I finally made a batch of biscuits today. I’d been planning on making them all week, but you know how it is when you are retired. There’s always something else to do…

The recipe that I like the best calls for baking powder, baking soda and yeast. Since I didn’t have any baking soda, and all the high altitude recipes say to cut back on the baking powder, I figured, they should be ok if I use the usual amount of baking powder and the yeast, without the baking soda. As I didn’t have any buttermilk (and had forgotten to buy unflavored yogurt or vinegar or lemons for juice to mix with milk to make pseudo buttermilk) I added about 2 and 1/2 teaspoons of cream of tartar. Buttermilk is more acidy than regular milk, so the cream of tartar is supposed to rectify this ph imbalance. It was worth a try, anyway.

The batter turned out very wet; I am guessing that the flour is fresh soft wheat as opposed to hard wheat or dried out wheat. I used butter instead of shortening, the shortening here has an ‘off’ smell to my taste. I mixed in some cream with the milk; I like my rich foods.

I had preheated the oven for quite awhile and had set the dial right between 180C and 220C which is supposed to be about 400F. Remember, this is a new oven for me, and it doesn’t have a light that goes off (or on) when it’s ready. So, I am guessing. The recipe says to bake for 12 minutes; I like my biscuits big so I usually bake for 20-25 minutes. 

Well, 30 minutes later, they were still not done, not even beige. I think I left them in there for about an hour; slightly beige on top, nice browning on the bottom, though. They tasted wonderful with a bit of butter and some strawberry jam.


Not sure about that oven, though. I’m going to look for an oven thermometer next shopping trip.

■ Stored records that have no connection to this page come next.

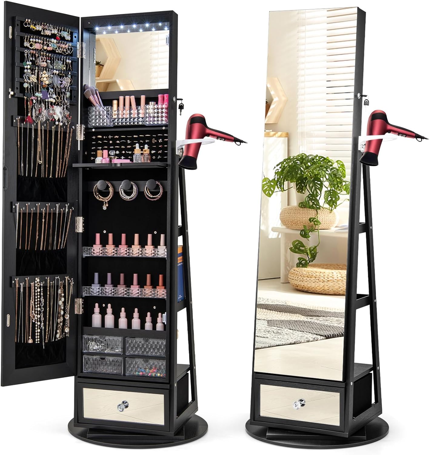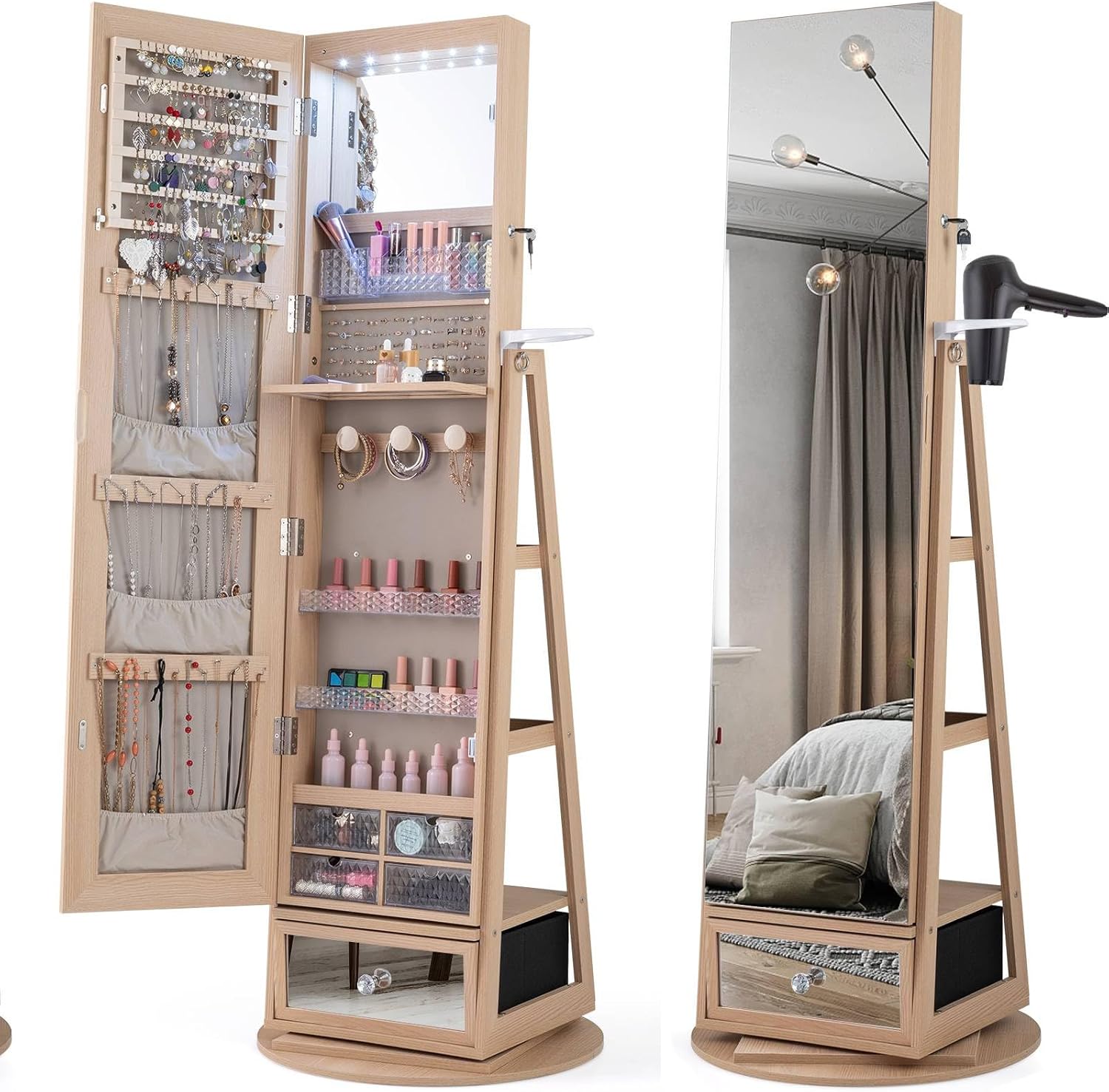 360° Swivel Lockable Jewelry Armoire Cabinet with Full-Length Mirror
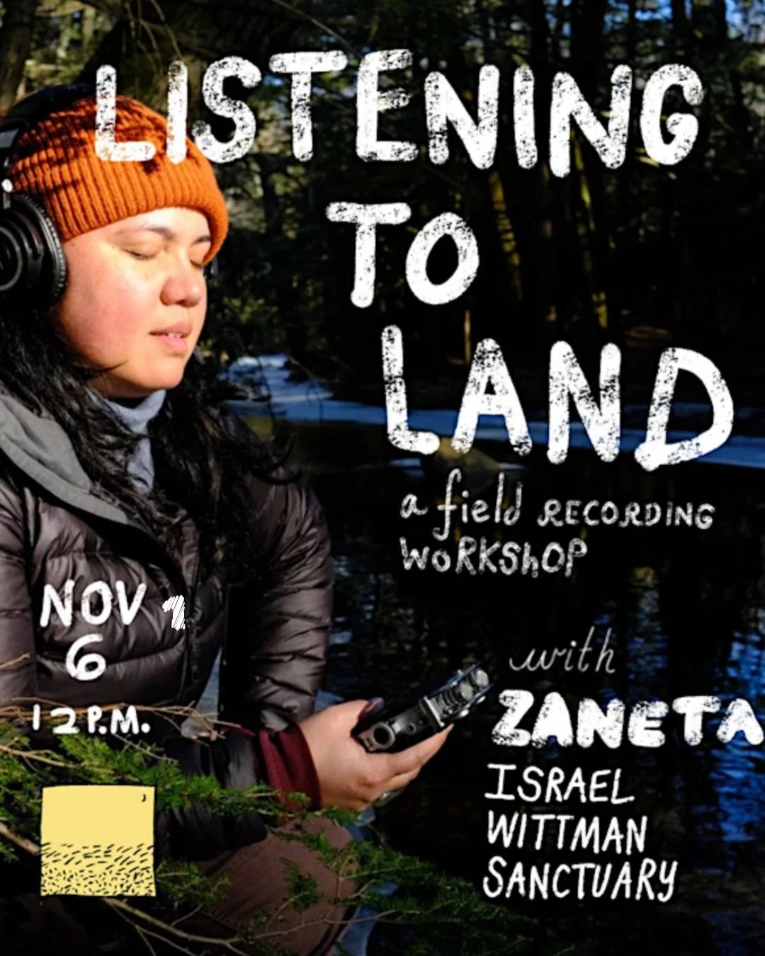 Join us for Listening to Land, a field recording workshop led by local sound-artist Zaneta Sykes (they/them) at Israel Wittman Sanctuary. This immersive outdoor experience invites participants to deepen their relationship with the natural world through attentive listening and the practice of recording ambient sound. Guided by Zaneta’s expertise in eco-acoustic art and mindful soundwalking, the group will explore how sound can reveal hidden dimensions of a landscape. No prior experience is necessary.
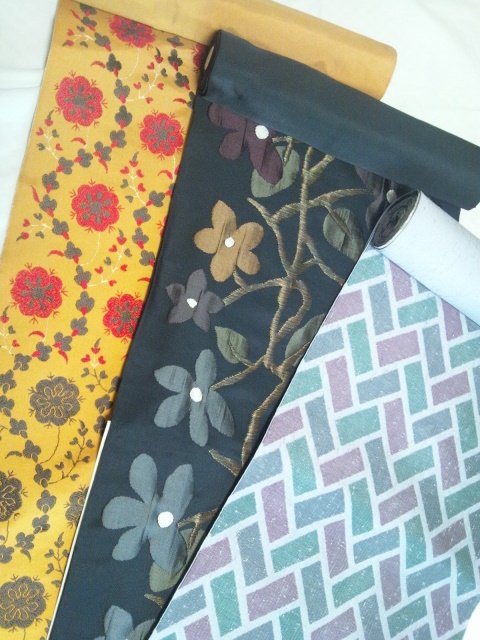 一枚目は、帯ですね。左から黒地に橘が鮮やかな袋帯。古箔にらくだがモダンな袋帯。タンポポ柄ですが豪華な唐織りの袋帯。そして、下に並ん出るのは、洛風林や譽田屋源兵衛のおしゃれな袋帯です。
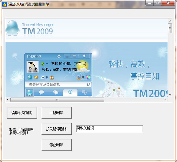 打开深蓝QQ空间说说批量删除,从腾讯TM页面登录QQ空间,之后读取消息列表,可一键删除或按关键词删除。
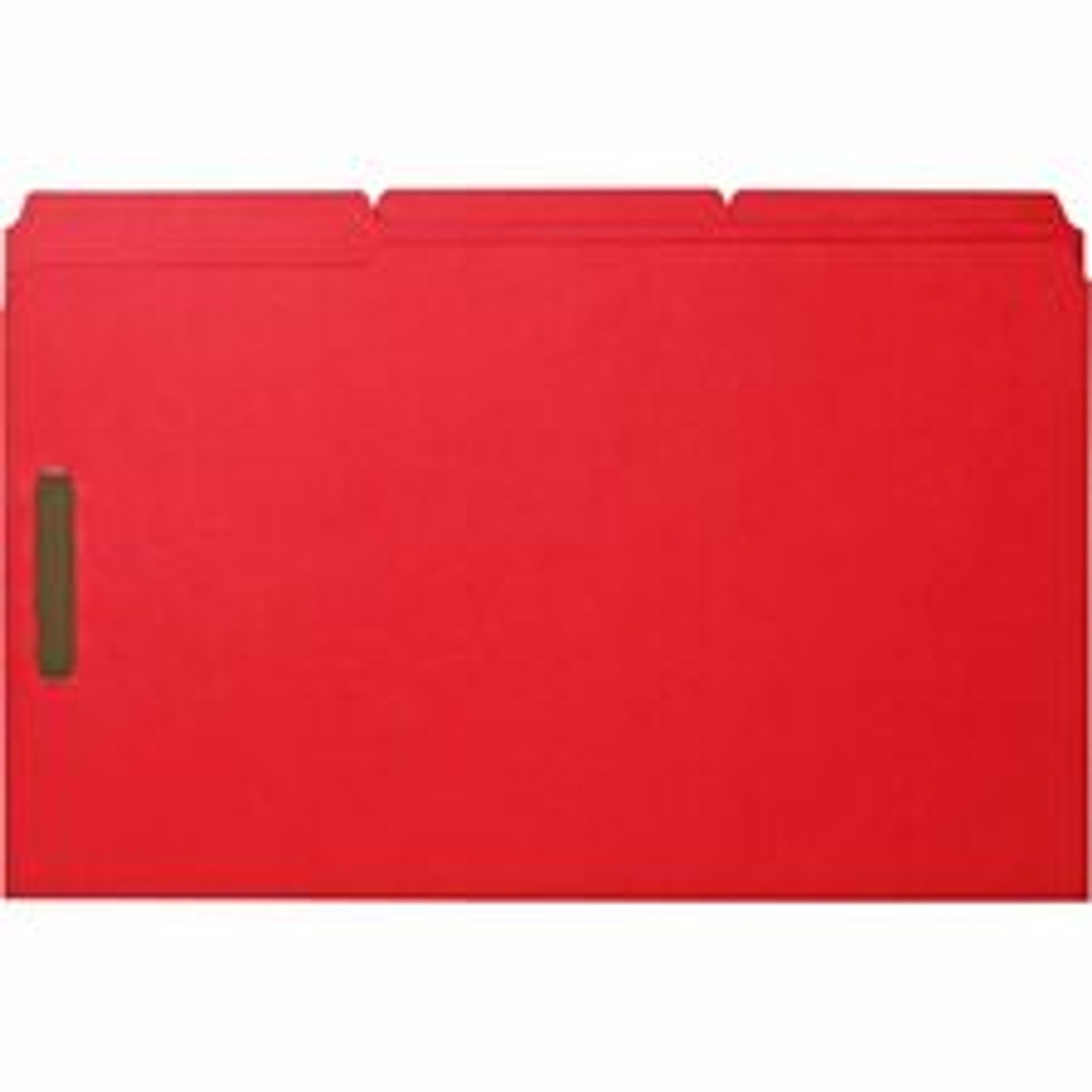 Business Source 1/3 Tab Cut Legal Recycled Fastener Folder - 8 1/2" x 14" - 3/4" Expansion - 2 Fastener(s) - 2" Fastener Capacity - Top Tab Location - Assorted Tab Position - 11 pt. - Red - 10% Recycled - 50 / Box
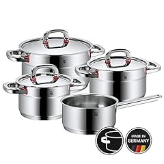WMF Premium One Topfset 4-teilig, Cromargan Edelstahl poliert, Töpfe mit Metalldeckel, Topf Induktion, Innenskalierung, Dampföffnung, unbeschichtet
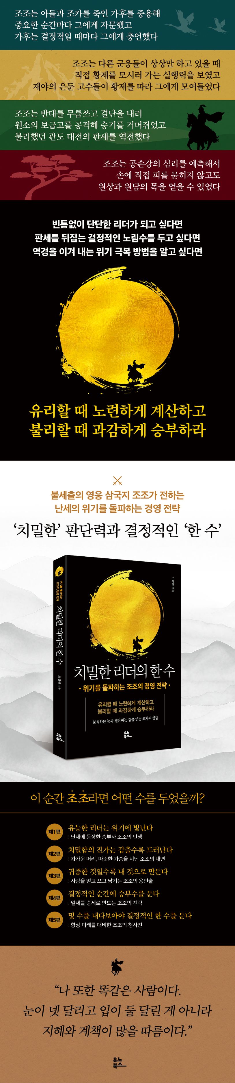 《치밀한 리더의 한 수》는 리더로서 성장하고 싶고, 조직을 올바른 방향으로 이끌고 싶은 리더들에게 조조의 지혜와 현시대에 적용할 수 있는 경영 전략을 소개한다. 사람들은 조조를 ‘치세의 능신, 난세의 간웅’으로 알고 있지만, 조조는 삼국 시대에 가장 많은 인재를 품고 가장 넓은 영토를 이룩한 전략가였다. 그는 수많은 위기를 극복하고 결국 삼국 통일의 기틀을 마련했다.
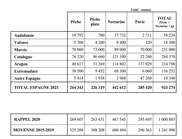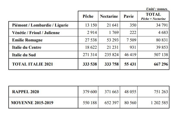 Avec un total de 690 000 tonnes pour l’année 2020 (185 000 tonnes de pêches, 105 000 tonnes de nectarines et 400 000 tonnes de pavies), les prévisions pour 2021 s’élèvent à 360 000 tonnes : 110 000 tonnes de pêches soit la moitié d’une année normale, 50 000 de nectarines contre 120 à 130 000 tonnes sur une année normale. Soit une diminution de 45 % par rapport à l’année dernière et de 47 % sur la moyenne 2015/2019. Pour les pavies cette année les estimations annoncent une production de 200 000 tonnes, soit une diminution de 50 % par rapport à 2020 et de 46 % par rapport à la moyenne 2015/2019.
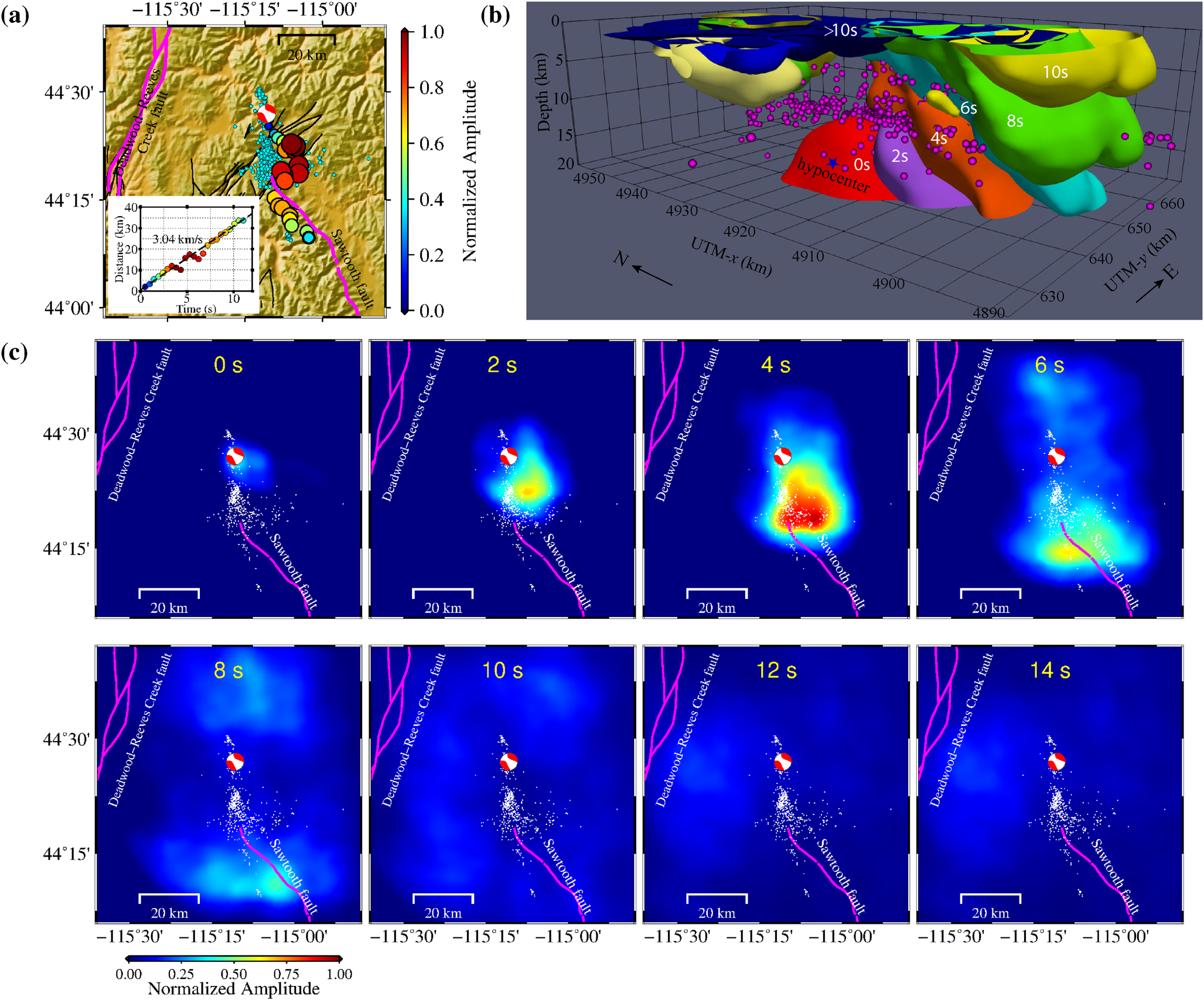 图1: 2020年6.5级爱德华地震多方位角反投影震源成像结果.(a)Z-型破裂路径,(b)三维震源破裂过程,(c)震源深度切片上不同时刻的震源破裂成像结果。
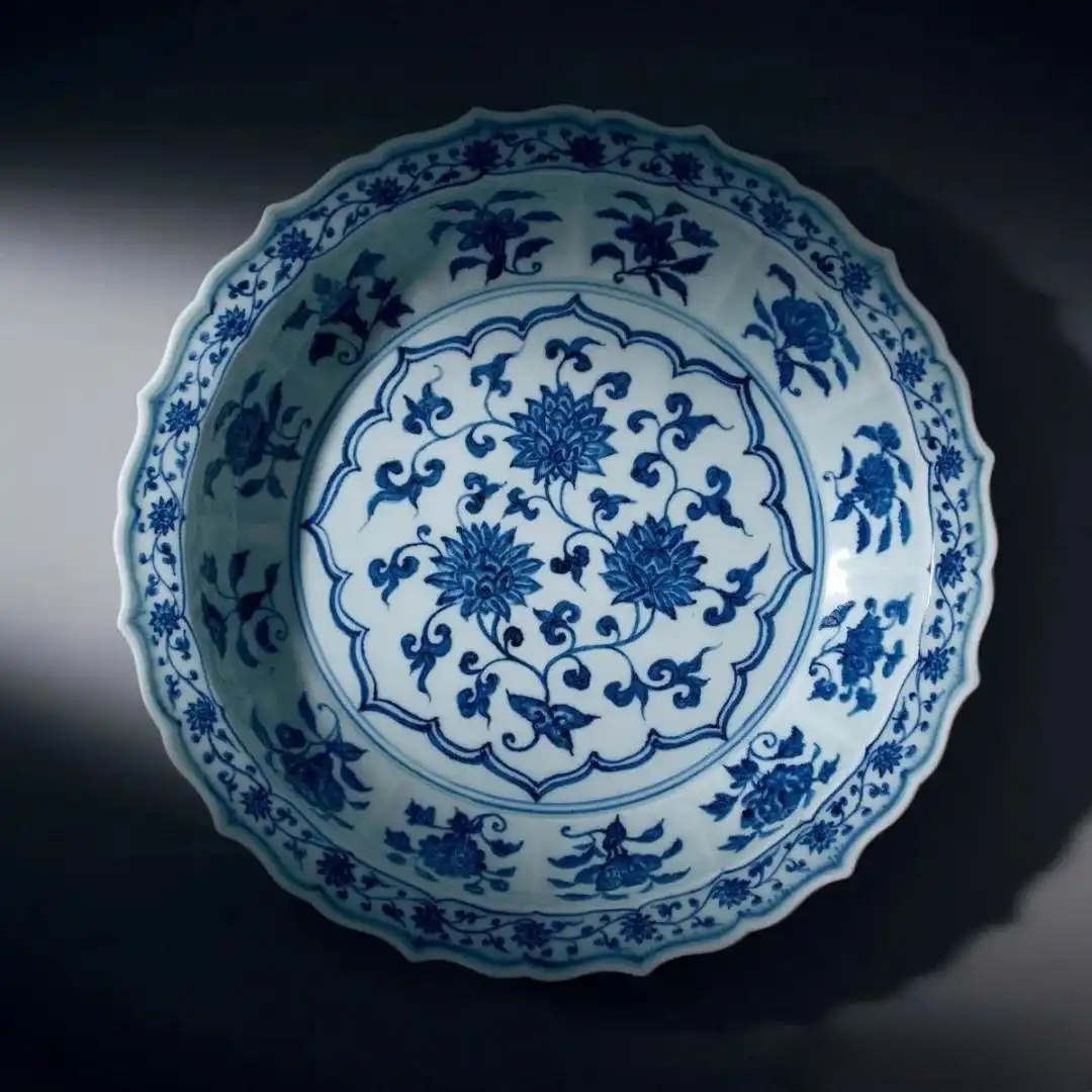 明永乐 青花缠枝花卉纹棱口大盘|2021年,东京中央拍卖,HK$11,536,000成交

4 responses to “Biscuits at 8500 ft elevation

  1. If you’re on Facebook, you might want to check out this group: Food and Cooking at Altitude

  2. How nice of you to share your baking and cooking experiences with those of us still in the states, so we can see what it’s like! We live in Colorado so we’re a bit more used to high altitude cooking. Good to know what ingredients are available there too!

  3. They look good. I hope you weren’t in a hurry.